File Formats
CSV, TSV, JSON, and Avro, are traditional row-based file formats. Parquet, and ORC file are columnar file formats.
SequenceFile
Sequence files are introduced in Hadoop. Sequence files act as a container to store the small files. Sequence files are flat files consisting of binary key-value pairs. When Hive converts queries to MapReduce jobs, it decides on the appropriate key-value pairs to be used for a given record.Sequence files are in the binary format which can be split and the main use of these files is to club two or more smaller files and make them as a one sequence file.
There are three types of sequence files:
- Uncompressed key/value records.
- Record compressed key/value records -- only 'values' are compressed here
- Block compressed key/value records -- both keys and values are collected in 'blocks' separately and compressed. The size of the 'block' is configurable.
RCFile
- RCFILE stands of Record Columnar File which is another type of binary file format which offers high compression rate on the top of the rows.
- RCFILE is used when we want to perform operations on multiple rows at a time.
- RCFILEs are flat files consisting of binary key/value pairs, which shares many similarities with SEQUENCEFILE. RCFILE stores columns of a table in form of record in a columnar manner. It first partitions rows horizontally into row splits and then it vertically partitions each row split in a columnar way. RCFILE first stores the metadata of a row split, as the key part of a record, and all the data of a row split as the value part. This means that RCFILE encourages column oriented storage rather than row oriented storage.
- This column oriented storage is very useful while performing analytics. It is easy to perform analytics when we "hive' a column oriented storage type.
ORCFile
- ORC stands for Optimized Row Columnar which means it can store data in an optimized way than the other file formats. ORC reduces the size of the original data up to 75%(eg: 100GB file will become 25GB). As a result the speed of data processing also increases. ORC shows better performance than Text, Sequence and RC file formats.
- An ORC file contains rows data in groups called as Stripes along with a file footer. ORC format improves the performance when Hive is processing the data.
Choosing File Formats
- If your data is delimited by some parameters then you can use TEXTFILE format.
- If your data is in small files whose size is less than the block size then you can use SEQUENCEFILE format.
- If you want to perform analytics on your data and you want to store your data efficiently for that then you can use RCFILE format.
- If you want to store your data in an optimized way which lessens your storage and increases your performance then you can use ORCFILE format.
https://acadgild.com/blog/apache-hive-file-formats
Amazon Ion
Amazon Ion is a richly-typed, self-describing, hierarchical data serialization format offering interchangeable binary and text representations.
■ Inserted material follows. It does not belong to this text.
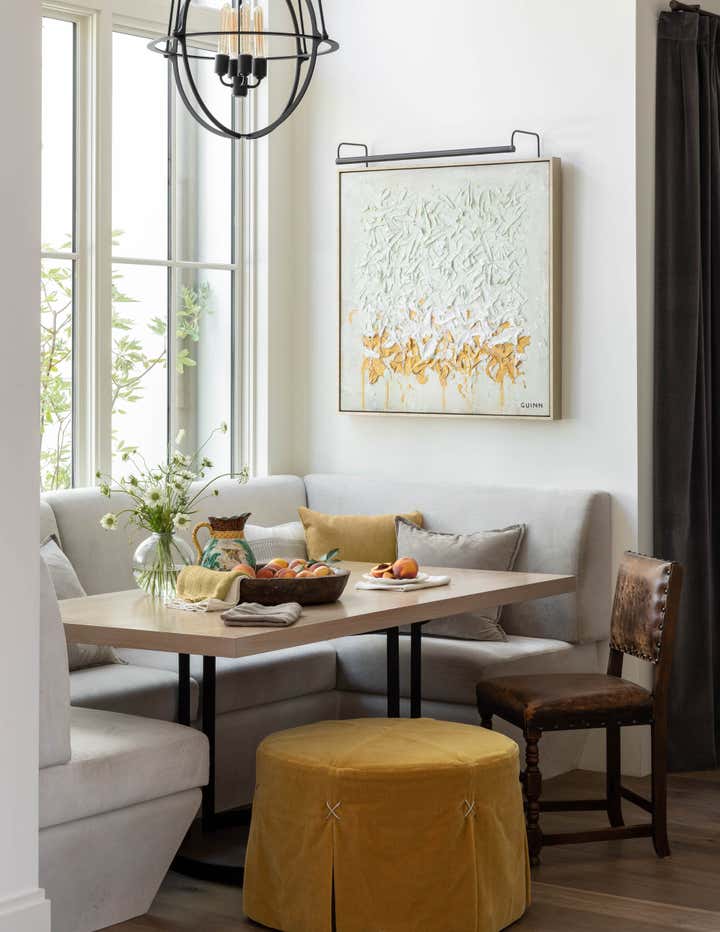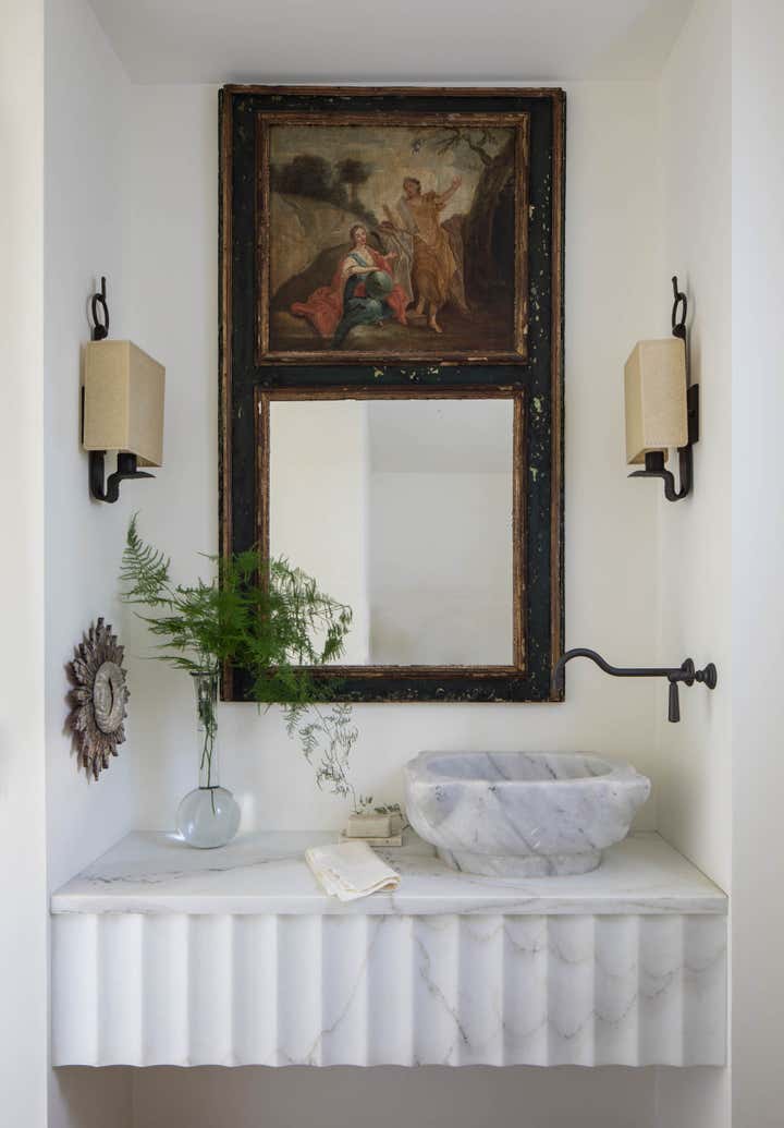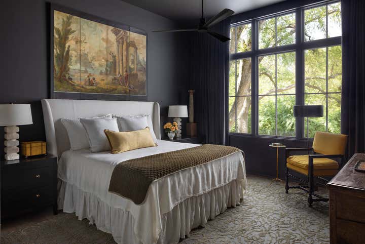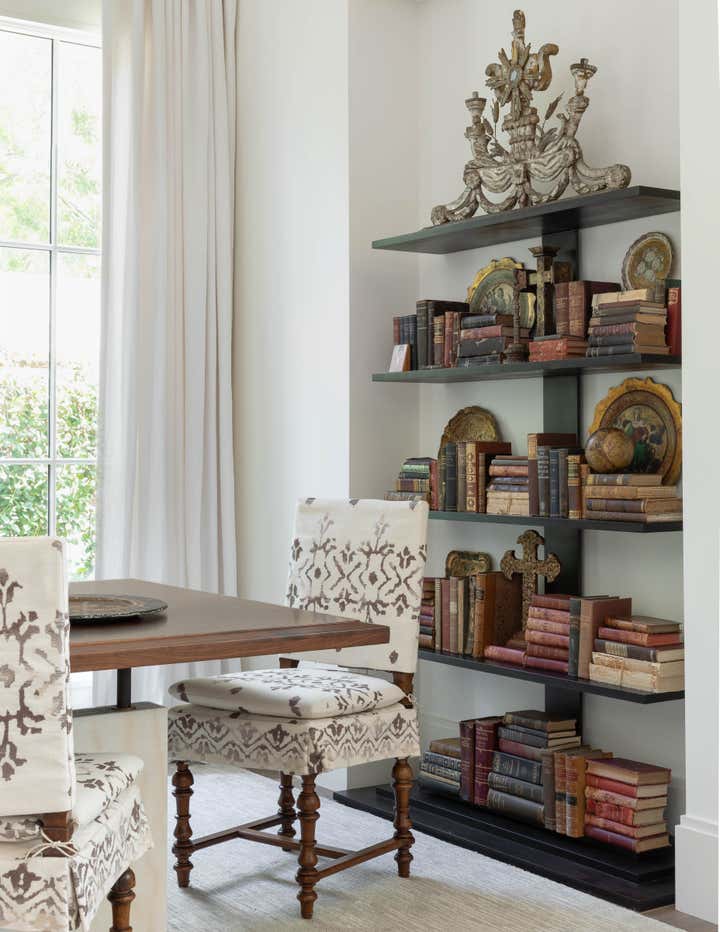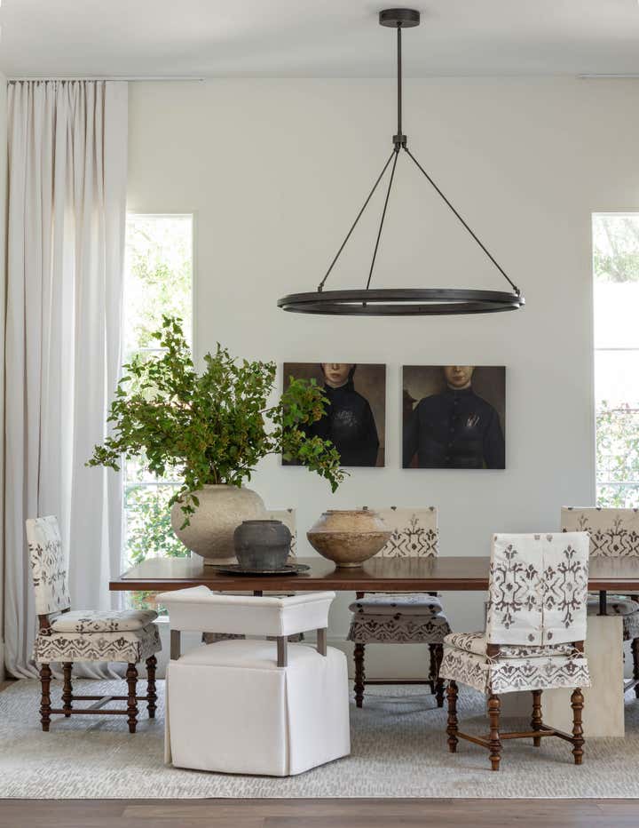 At the same time, modern custom designs are woven in, like leather-clad ottomans and a sleek steel bookcase in the dining room. Restraint is key, with light fabrics and spaced-out decor to prevent the space from feeling heavy. Dark and light contrasts, especially in the lighting fixtures, add drama and visual interest throughout. In the guesthouse, or casita, the design takes on a simpler, more rustic aesthetic, with finer contrasts and a softer color palette. Ultimately, the home feels like a journey, continually revealing new surprises and transporting visitors to a place of beauty and discovery.

The text format(a superset of JSON) is easy to read and author, supporting rapid prototyping. The binary representation is efficient to store, transmit, and skip-scan parse. The rich type system provides unambiguous semantics for long-term preservation of data which can survive multiple generations of software evolution.
Ion was built to address rapid development, decoupling, and efficiency challenges faced every day while engineering large-scale, service-oriented architectures. It has been addressing these challenges within Amazon for nearly a decade, and we believe others will benefit as well.
The Ion text format is a superset of JSON; thus, any valid JSON document is also a valid Ion document.
http://amzn.github.io/ion-docs
http://amzn.github.io/ion-docs/docs/spec.html
File Format Benchmarks - Avro, JSON, ORC, Parquet
Avro
- Cross-language file format for Hadoop
- Schema evolution was primary goal
- Schema segregated from data
- Unlike Protobuf and Thrift
- Row major format
JSON
- Serialization format for HTTP & Javascript
- Text-format with many parsers
- Schema completely integrated with data
- Row major format
- Compression applied on top
ORC
- Originally part of Hive to replace RCFile
- Now top-level project
- Schema segregated into footer
- Column major format with stripes
- Rich type mode, stored top-down
- Integrated compression, indexes, & stats
Parquet
- Design based on Google's Dremel paper
- Schema segregated into footer
- Column major format with stripes
- Simpler type-model with logical types
- All data pushed to leaves of the tree
- Integrated compression and indexes

Schema Evolution
8 Compatibility Types
- Backward: New versions work with old data.
- Forward: Old versions work with new data.
- Backward Transitive: Consumers using any version can process data from any previous version.
- Forward Transitive: Consumers using any version can process data from any newer version.
- Full (or Full Transitive): Achieves both backward and forward compatibility (often implies transitive).
- None: No compatibility is guaranteed.
- Backward Compatible, but not Full: You can read older data, but not all changes from the new version are guaranteed to be backward compatible.
- Forward Compatible, but not Full: You can process newer data, but not all changes from the new version are guaranteed to be forward compatible.
DataSets
- NYC Taxi Data
- 18 columns with no null values
- Doubles, integers, decimal & strings
- 2 months of data - 22.7 million rows
- Github Logs
- 704 columns with a lot of structure & nulls
- 1/2 month of data - 10.5 million rows
- Schema is huge (12k)
- Sales
- 55 columns with lots of nulls
- A little structure
- Timestamps, strings, longs, booleans, list & struct
- 23 million rows
Compression
- ORC and Parquet use RLE & Dictionaries
- All the formats have general compression
- ZLIB (GZip) - tight compression, slower
- Snappy - Some compression, faster

Taxi size analysis
- Don' use JSON
- Use either Snappy or Zlib compression
- Avor's small compression window hurts
- Parquet Zlib is smaller than ORC
- Group the column sizes by type


Taxi size analysis
- ORC did better than expected
- String columns have small cardinality
- Lots of timestamp columns
- No doubles

Github Size Analysis
- Surprising win for JSON and Avro
- Worst when uncompressed
- Best with zlib
- Many partially shared strings
- ORC and Parquet don't compress across columns